By Brandon Towl
Today, I spent a little time thinking about introspection and the various ways that it can be used as evidence (a topic that our own Gualtiero Piccinini has written about, though I also had in mind the kind of “polling” that Hurlburt and Schwitzgeibel do).
I began to wonder just how subjects might interpret questions that ask about their inner “thoughts”. We all have an idea of what thoughts are, but I wonder if the term is precise enough to ask meaningful questions about inner experience in most contexts.
So here’s a question and a scenario, and I’d like to hear what Brain’s readers think: can one be awake, conscious, and aware, but not have any thoughts occurring? Imagine a scenario where you are on the beach (or any place relaxing), and you are simply sitting, drink in hand, and enjoying the opportunity to not do anything in particular. You are not pondering anything you have to do or any place you have to be, nor are you daydreaming. Are you having any thoughts in this scenario?

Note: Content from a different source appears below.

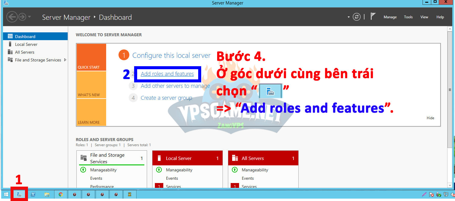 Bước 4. Trên thanh taskbar chọn mở “Server Manager” => chọn “Add roles and features“.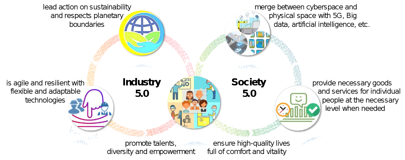 文章围绕当前工业领域热点“工业5.0”与新型概念“社会5.0”的区别、互补以及共同演进趋势进行了深度讨论,旨在阐明工业5.0和社会5.0两种提法共存情况下的本质诉求以及未来的发展方向。工业5.0是一种面向未来工业、富有远见的新范式,是对工业4.0单纯追求技术驱动的修正,追寻以人为本、可持续、富有韧性的价值创造。社会5.0则是对未来超智能社会的一种构想,让每个人都可以享受到技术发展的红利,旨在构建一个以人为中心、超智能化、精益型的社会。为了对工业5.0和社会5.0有更深层次的认知,进一步从目标、价值、组织和技术四个维度进行了比较和关联分析。虽然工业5.0和社会5.0关注的领域范围、关键技术等有所区别,但是在“以人为本”这一点上形成了共识:(1)工业领域里,人是生产制造活动的“主宰者”;(2)社会活动中,人民幸福提升、价值创造是核心。在未来,工业5.0和社会5.0也面临着一系列共同挑战和机遇,需要进一步突破人-信息-物理系统(HCPS)、人的数字孪生(HDT)、人-机器人协同作业(HRC)等核心技术,发掘具有创造性的应用场景和价值增长点。

I can see two (incompatible) responses. The first would be a “no”– one would not be thinking anything, though one would have sensory awareness of, e.g., the visual scene, one’s bodily state, etc. The second, naturally, would be “yes”– there must be some thought, even if that thought is just “ah, this is nice” or “I am at the beach” or “I am holding a drink”.
Clarifications? Intuitions? What is the party line?
Brandon,
I’d say that one can be aware, conscious, etc., without having any occurrent thoughts. This is what some meditative states are like, and although it’s not easy to do, people can do it. Zen practitioners talk about going from being in a fully aware state, having no thoughts, to then having the thought that they were having no thoughts, and how frustrating it can be to maintain the first state without going into the second one.

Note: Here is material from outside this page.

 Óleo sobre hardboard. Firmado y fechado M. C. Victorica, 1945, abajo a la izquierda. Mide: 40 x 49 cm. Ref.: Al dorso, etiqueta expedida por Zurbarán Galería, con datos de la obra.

I’d agree with Corey with the qualification that someone can be conscious/aware without any _propositional_ thoughts. They will still have sensory awareness, or at least I am skeptical that someone can be conscious/aware without being conscious/aware of anything at all, at least under normal circumstances. Maybe someone with a certain kind of brain damage could.
Hi Brandon,
There seems to be two issues here: (1) how do the folk understand thought-talk, and (2) is this a “precise” (enough) notion.

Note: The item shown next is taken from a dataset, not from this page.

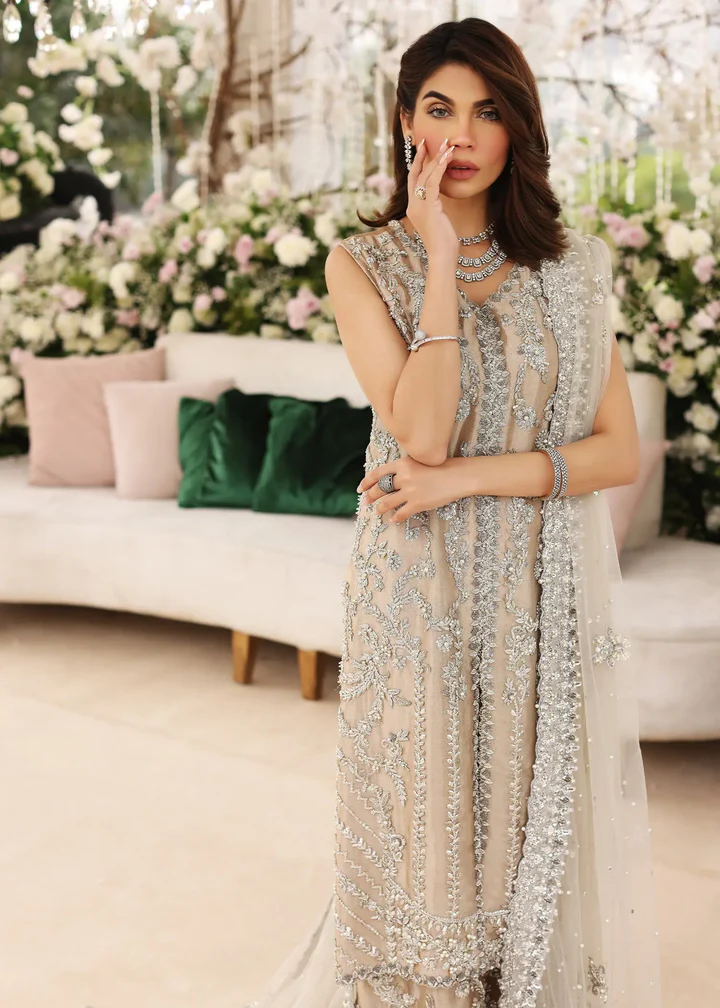 Completely handcrafted using sequins, beads, Swarovski crystals, cut-glass details, kora, naqshi, and tilla embroidery. Slight artisanal variations may occur, celebrating the authenticity of hand craftsmanship.

I take it that (1) is sort of beside the point if WE (or rather they) as experimenters define how we(they) want subjects to understand the notion (e.g. “report your thoughts, including inner speech, reasoning, imagery, etc.”). I recall that there was an early experiment that claimed to refute Chomsky because the guy asked people to “say whether the sentence is grammatical” without any instruction of what was meant by ‘grammatical’. Of course the data was all over the place. So, if we define what we mean, where is the beef?
I suppose matters will depend on how or why you are collecting the evidence. Were there specific issues you had in mind?
So, I’m not sure I had so much of an “issue” in mind, more than a loose grouping of pre-issue like thoughts.
One such thought was prompted by Schwitegeibel’s post over at the X-phi blog (https://experimentalphilosophy.typepad.com/experimental_philosophy/2010/04/whats-in-peoples-stream-of-experience-during-philosophy-talks.html)– I tended to agree with the commentators that asking the audience to report “inner experience” might unduly bias them towards immediate perceptual experience.
But I also suspect that asking someone to report on their “thoughts” would bias them towards reported linguistic (or propositional) thought. In fact, I ask my undergrad class to report on their thoughts sometimes, and it all seems like linguistic thought. But I would wager that the reports would be more wide-ranging if I asked them to report *what they were thinking about*. In those cases, one might get, for example, some non-linguistic imagery.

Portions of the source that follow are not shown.